Now, let’s apply topic modeling using LDA to discover the underlying topics in these documents. We’ll use Python with the gensim
library for this task.
from gensim import corpora, models
import pprint
# Sample documents
documents = [
"The football team won the championship last night. It was an exciting match with a lot of goals.",
"The new smartphone features a high-resolution screen and a powerful processor. It is expected to be a hit in the market.",
"The government announced new policies aimed at improving healthcare and education. There has been mixed reactions from the public.",
"Traveling to exotic destinations is a great way to relax and unwind. Experience new cultures and cuisines."
]
# Tokenize documents
tokenized_documents = [doc.lower().split() for doc in documents]
# Create a dictionary from the tokenized documents
dictionary = corpora.Dictionary(tokenized_documents)
# Create a document-term matrix
corpus = [dictionary.doc2bow(doc) for doc in tokenized_documents]
# Apply LDA model
lda_model = models.LdaModel(corpus, num_topics=2, id2word=dictionary, passes=15)
# Print topics and their top words
pprint.pprint(lda_model.print_topics())
In this example, we are using LDA to discover 2 topics in the sample documents.

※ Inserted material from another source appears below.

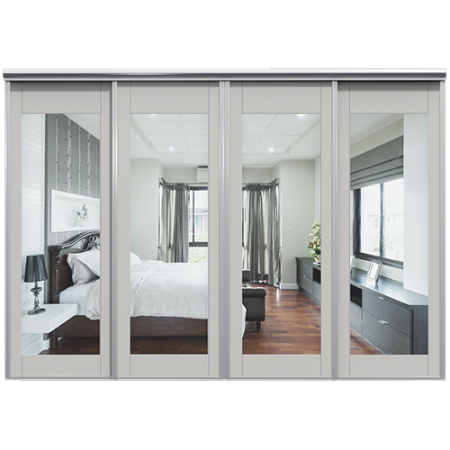 Skjutdörrarna är av 8 mm målad och spårfräst MDF och sspegeln är av 4 mm spegelglas med en säkerhetsfilm på baksidan. Grepplist, tak- och golvskena i aluminium.

Run above code in your google collab. The output will show the top words associated with each topic, helping us interpret the themes discovered by the model.
Let us understand this now.
Let’s break down the code with explanations for each part:
- Import necessary libraries:
from gensim import corpora, models
import pprint
gensim
: A Python library for topic modeling, document indexing, and similarity retrieval.corpora
: Module within gensim for building document corpora (collections of text documents).models
: Module within gensim for various models, including LDA.pprint
: Module for pretty-printing Python data structures.
- Sample Documents:
documents = [
"The football team won the championship last night. It was an exciting match with a lot of goals.",
"The new smartphone features a high-resolution screen and a powerful processor. It is expected to be a hit in the market.",
"The government announced new policies aimed at improving healthcare and education. There has been mixed reactions from the public.",
"Traveling to exotic destinations is a great way to relax and unwind. Experience new cultures and cuisines."
]
- These are sample text documents representing different topics (sports, technology, politics, and travel).
- Tokenize Documents:
tokenized_documents = [doc.lower().split() for doc in documents]

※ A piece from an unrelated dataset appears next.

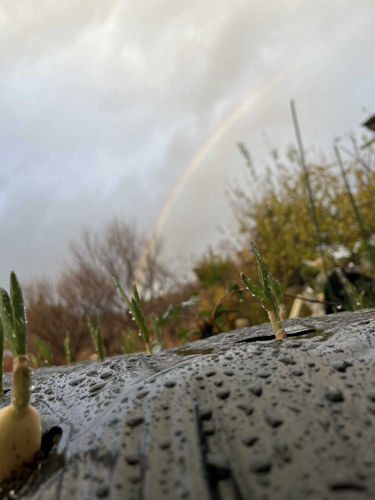 雪になると虹は見られませんから、冬前の名残の虹でした。今はタマネギもニンニクも雪の下です(^.^)

- Tokenization is the process of breaking down text into smaller units, such as words or sentences.
- Here, we convert each document to lowercase and split it into a list of words.
- Create Dictionary:
dictionary = corpora.Dictionary(tokenized_documents)
corpora.Dictionary
creates a mapping between words and their integer ids.- This step is necessary for converting text documents into a numerical format that can be used by the LDA model.
- Create Document-Term Matrix:
corpus = [dictionary.doc2bow(doc) for doc in tokenized_documents]
- Convert each document into a bag-of-words representation, where each word is represented by its id and its frequency in the document.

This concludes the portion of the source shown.